Capoey village is now divided

Dear Editor,

Since the election for a Toshao was held in Capoey, the villagers are now split into two factions. One claims that the election was rigged with outsiders being allowed to vote after a tie, which saw a new election one week later. The new Toshao has told the discontented villagers that she made a breakthrough with the tie, and that she speaks for over half of the Capoey electorate.

According to half the villagers, however, the election was rigged.

There is already non-cooperation between the two factions, and the newly elected Toshao is losing support. The Capoey villagers now realize that it is not possible to secure people’s power any more since the senior and junior ministers in the Ministry of Indigenous Peoples’ Affairs have neglected their plea for an investigation into the election. One of the greatest dangers confronting the divided community is the growing belief that the Amerindian Act 2006, is so manipulated as to make peaceful change accomplished through the working of elections, virtually impossible.

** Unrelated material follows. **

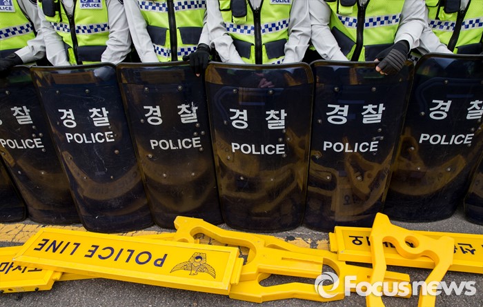 (서울=포커스뉴스) 근로자의날을 맞은 1일 오후 서울 종로구 대학로에서 민주노총 주최로 열린 '2016 세계노동절대회'에서 경찰과 420장애인차별철폐공동투쟁단원들의 충돌로 통제선이 무너져 있다.

The dissatisfied faction has now embarked on a civil resistance and a non-cooperation campaign against the new Toshao, and are calling on other villagers living outside Capoey to help them in their struggles.

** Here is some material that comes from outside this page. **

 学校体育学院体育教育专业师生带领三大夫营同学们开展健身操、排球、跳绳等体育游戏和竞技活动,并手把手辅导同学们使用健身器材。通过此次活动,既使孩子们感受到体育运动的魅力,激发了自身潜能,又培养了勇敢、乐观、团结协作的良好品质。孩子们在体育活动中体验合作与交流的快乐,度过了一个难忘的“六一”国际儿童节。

Many of the grosser defects of the elections for Toshaos and village councillors can be corrected if the voters’ lists are posted outside of the place of poll 3 months before the election is held.

The villagers may criticize the election but they do so as spectators. They claim that they do not do so through any acknowledged right to be considered part of the village. They vote at periodical Toshao elections but for the rest they seem to look on from the outside. For them, an analysis of the situation must take them beyond the results once compromise is found.